Le rapport qu’ils ont en main date du mois de mars. Il a été produit par le Mouvement démocratie nouvelle. Il découle d’une tournée menée par ce groupe l’automne dernier. Le Soleil en a obtenu une copie.

Des élus provenant de listes régionales

Le document sur lequel se penchent les partis d’opposition propose «un mode de scrutin proportionnel mixte compensatoire avec compensation nationale et distribution régionale» — c’est ainsi qu’on le décrit.

Pour tendre le mieux possible vers cet objectif, l’Assemblée nationale devrait compter quelques sièges de plus que les 125 actuels, peut-on lire dans le rapport. Il ne fournit cependant aucune autre précision à cet égard.

Le système est dit «mixte» parce qu’il comprendrait à la fois des sièges de circonscription, pourvus de la même manière qu’actuellement, mais qui seraient en moins grand nombre, et des sièges de «compensation» distribués sur une base régionale.

Chaque électeur disposerait de deux votes. Le premier servirait à élire un député de circonscription provenant de telle ou telle formation politique, comme maintenant, et le second, à choisir un parti, explique-t-on.

Il y aurait par exemple 75 sièges alloués à partir du premier vote et une cinquantaine de sièges alloués avec le second. Ces derniers sièges, dits de compensation, seraient octroyés à des candidats provenant de listes régionales constituées par les partis. La désignation des élus s’effectuerait en fonction des pourcentages de voix obtenus par les partis à l’échelle du Québec.

La carte électorale devrait compter huit régions, préconise le rapport du Mouvement démocratie nouvelle.

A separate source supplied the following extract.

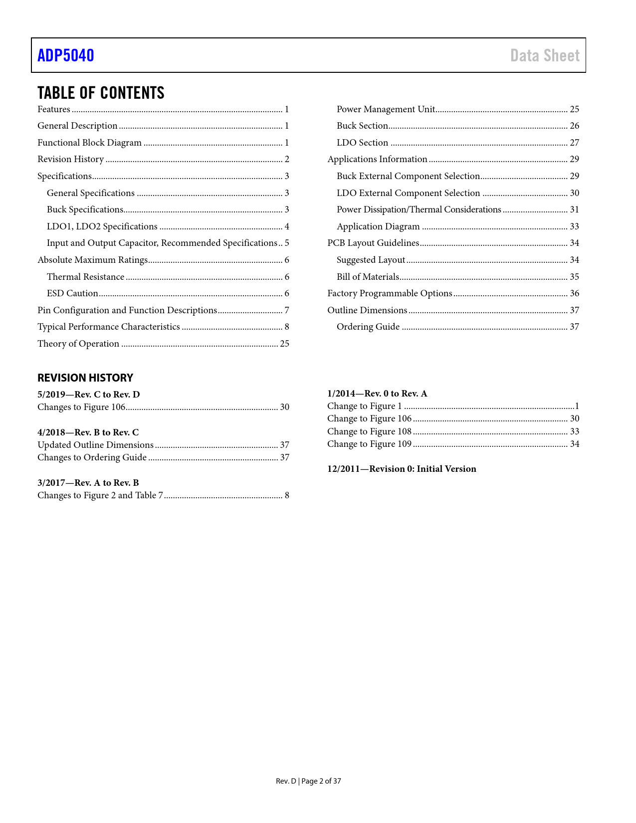 Seiten / Seite37 / 2 — ADP5040. Data Sheet. TABLE OF CONTENTS. REVISION HISTORY. 5/2019—Rev. C …
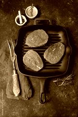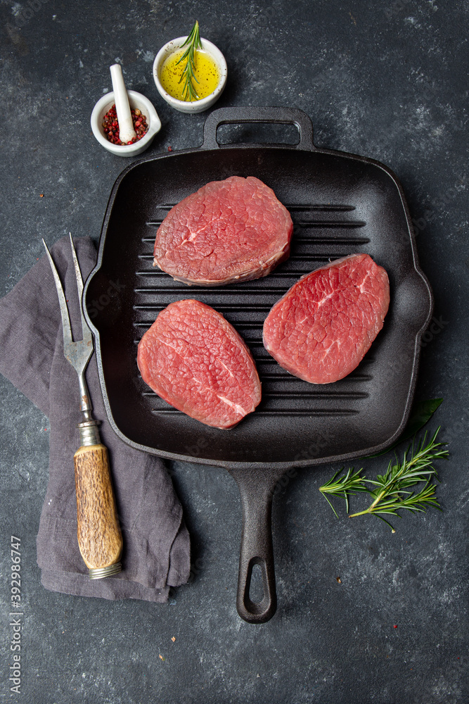 Raw beef steaks on cast iron grill pan. Top view, black background

Ce qui signifie que plusieurs députés seraient élus dans chacune de ces régions sur cette base visant à «compenser», puisqu’ils seraient une cinquantaine à l’être de cette façon au total.

Le document suggère aussi de fixer à 2% la barrière d’entrée à l’Assemblée nationale.

Il recommande la mise en place d’«incitatifs financiers en fonction du nombre de femmes élues» et d’autres mesures d’encouragement visant à faire en sorte que les candidatures féminines et celles des «personnes issues de l’immigration et des minorités visibles» correspondent à la proportion qu’elles représentent dans chaque région. 

Il recommande par ailleurs qu’un projet de loi ad hoc soit présenté à l’Assemblée nationale «dans les 90 jours suivant les élections provinciales d’octobre 2018».

Gouvernement minoritaire

«Il est possible qu’un tel système engendre plus souvent un gouvernement minoritaire ou de coalition», reconnaît le Mouvement démocratie nouvelle. Il estime toutefois que les avantages d’un scrutin de «type proportionnel» l’emportent largement sur les désavantages.

En décembre 2016, les partis d’opposition ont noté que lors du scrutin de 2014, le Parti libéral du Québec a récolté 42% des suffrages, mais qu’il a tout de même obtenu 70 des 125 sièges de l’Assemblée nationale, soit 56%.

Les distorsions du système actuel ont déjà joué un mauvais tour au Parti libéral. En 1998, il avait perdu le scrutin même s’il avait récolté près de 28 000 votes de plus que le Parti québécois. Malgré ses votes en moins, le parti alors dirigé par Lucien Bouchard avait obtenu 28 sièges de plus que lui.

En février 2017, sur la scène fédérale, le gouvernement de Justin Trudeau a mis de côté l’engagement pris par le Parti libéral du Canada en campagne électorale de réformer le mode de scrutin. «Nous n’avons pas pu dégager le vaste consensus nécessaire pour effectuer un changement de cette ampleur», avait justifié la ministre des Institutions démocratiques, Karina Gould.

Un recul qui avait soulevé un tollé chez les partis d’opposition à la Chambre des communes. Ils avaient accusé le gouvernement fédéral d’alimenter le cynisme des citoyens.